*** Task input ***

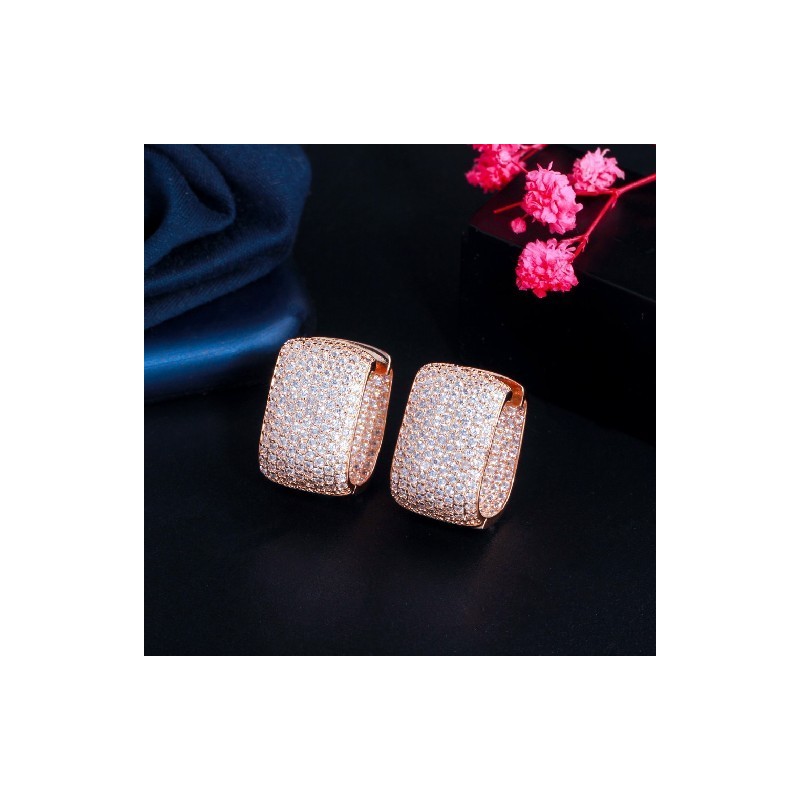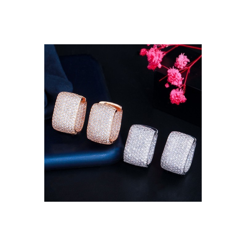 CWWZircons Double Sided Micro Paved Cubic Zirconia White Gold Color CZ Stone Rectangle Hoop Earrings for Ladies Jewellery CZ910
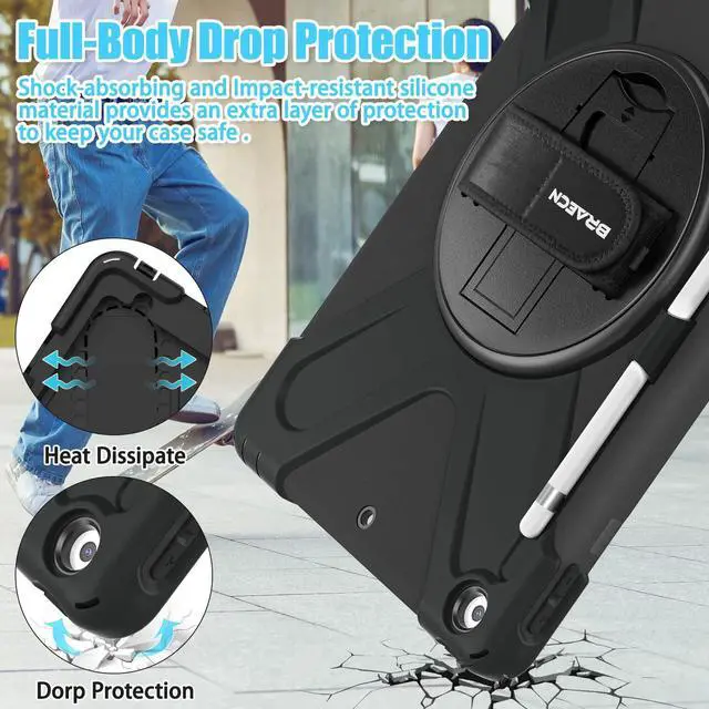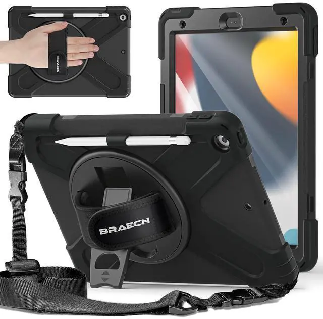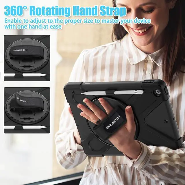 BRAECNstock Case for Apple iPad 9th/ 8th/ 7th Generation 10.2" 2021/2020/2019, Shockproof Protective iPad 10.2 inch Case Kids with Screen Protector, Pencil Holder, Rotating Hand Strap & Stand, Black
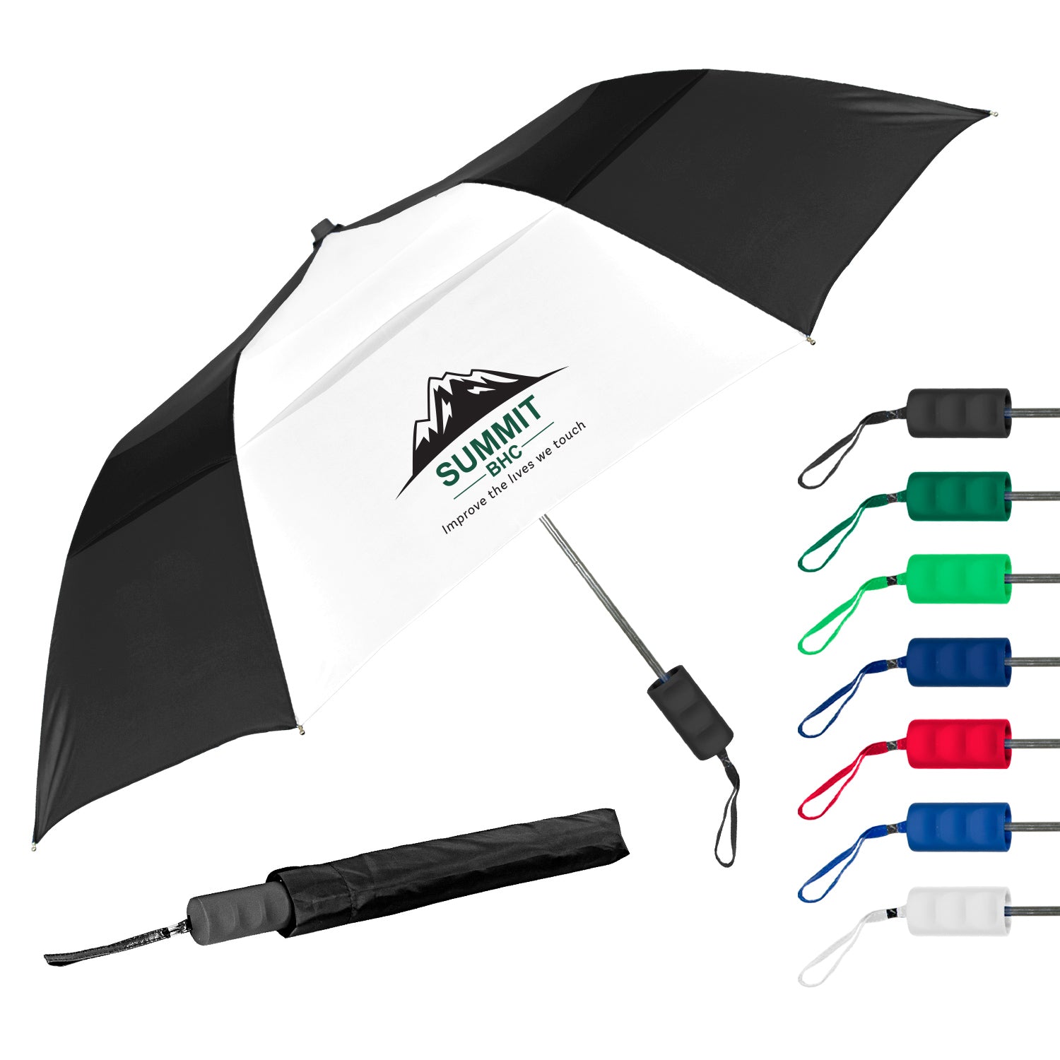 Keep calm, dry and colorful even when it’s raining sideways. With a classic look and trendy color options, The Vented Windproof Umbrella has you covered with a frame designed to return to its original shape, even if turned inside-out by a powerful gust. - Each panel of the umbrella’s canopy contains a wind venting passage that allows strong winds to pass through and minimizes potential wind breakage to the umbrella’s frame. - Arc Size: 42'' - Number Of Panels: 8 - Diameter: 38'' - Length When Closed: 15''
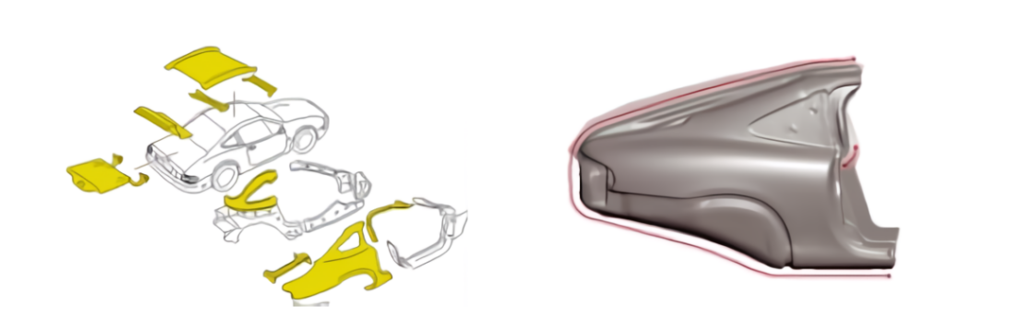 また、特徴的な「絞りの深いリアフェンダー」などの外板パーツは、少量生産を前提としたため、高額な量産用金型を新造せず、試作用の簡易型(ソフトツール)をそのまま用いてプレス成形されました。
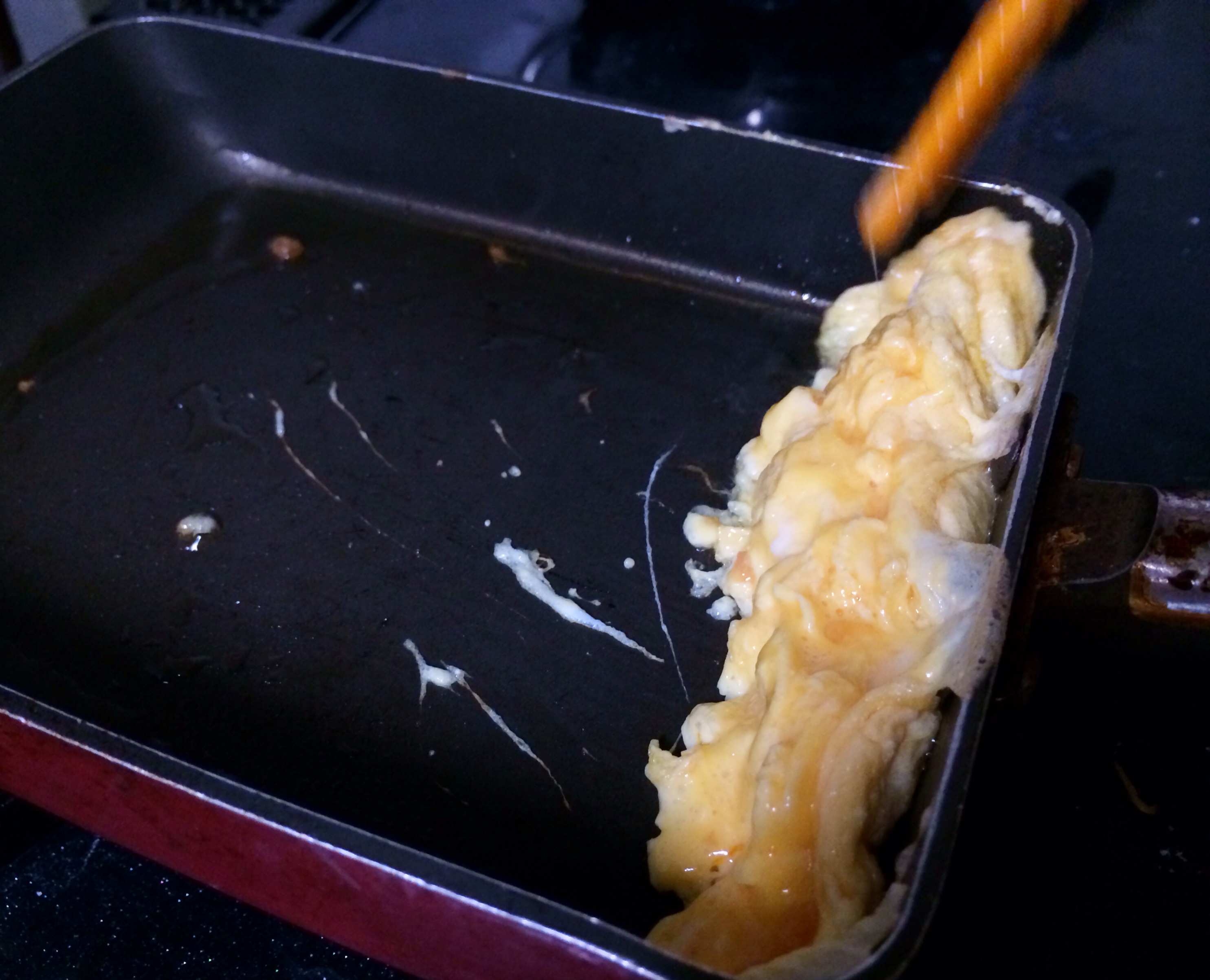 ②卵焼きパンに少しだけ卵液を入れてぐしゃぐしゃとかき混ぜながらパンの隅に固めて芯を作ります。
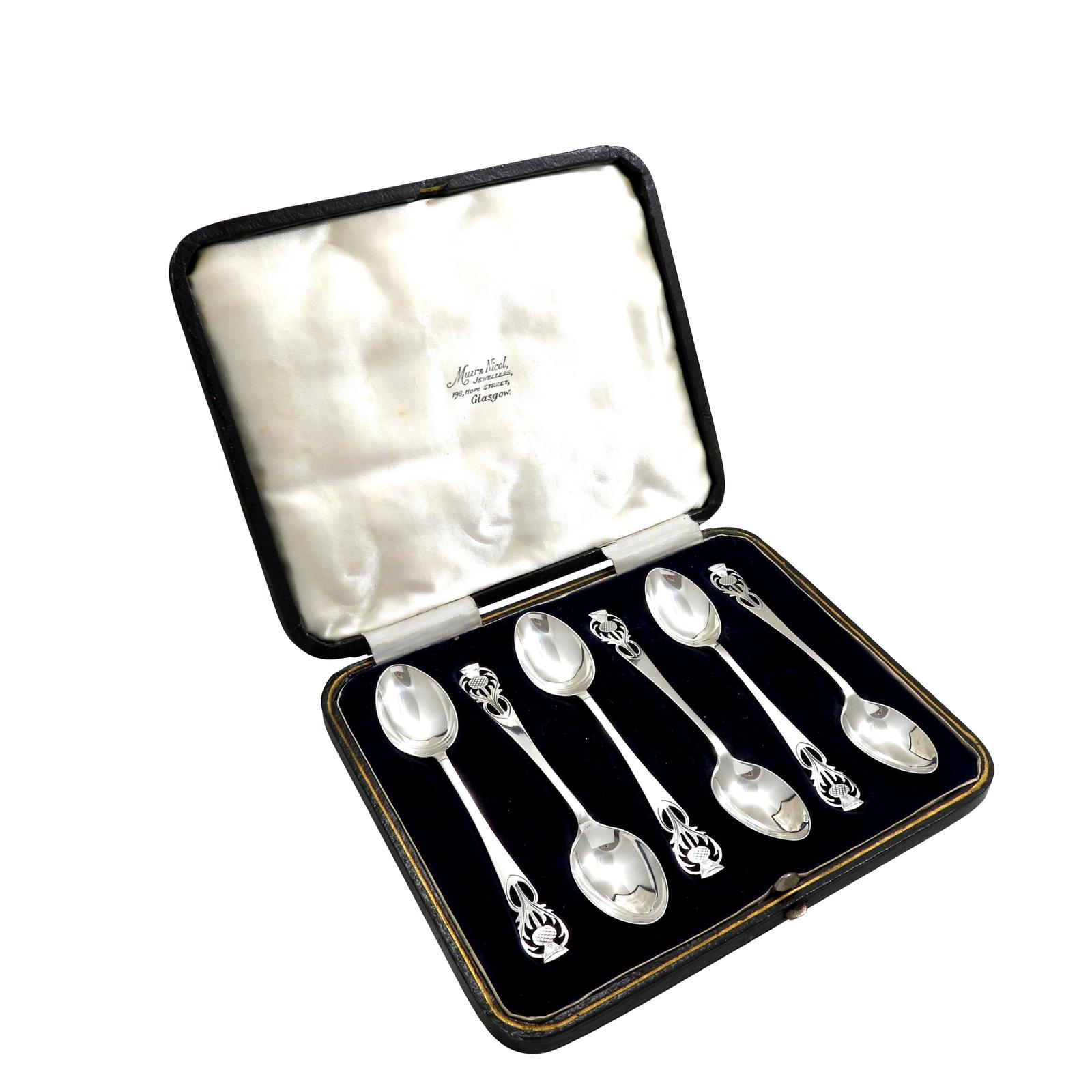 Set of 6 Scottish Sterling Silver 'Thistle' Teaspoons - Glasgow 1937

*** End of Task input ***

**Work to complete**
Your task is to reproduce exactly the lines running from the line that contains "また、特徴的な「絞りの深いリ" to the end of the records, pictures excluded.

**Response area**
 また、特徴的な「絞りの深いリアフェンダー」などの外板パーツは、少量生産を前提としたため、高額な量産用金型を新造せず、試作用の簡易型(ソフトツール)をそのまま用いてプレス成形されました。
 ②卵焼きパンに少しだけ卵液を入れてぐしゃぐしゃとかき混ぜながらパンの隅に固めて芯を作ります。
 Set of 6 Scottish Sterling Silver 'Thistle' Teaspoons - Glasgow 1937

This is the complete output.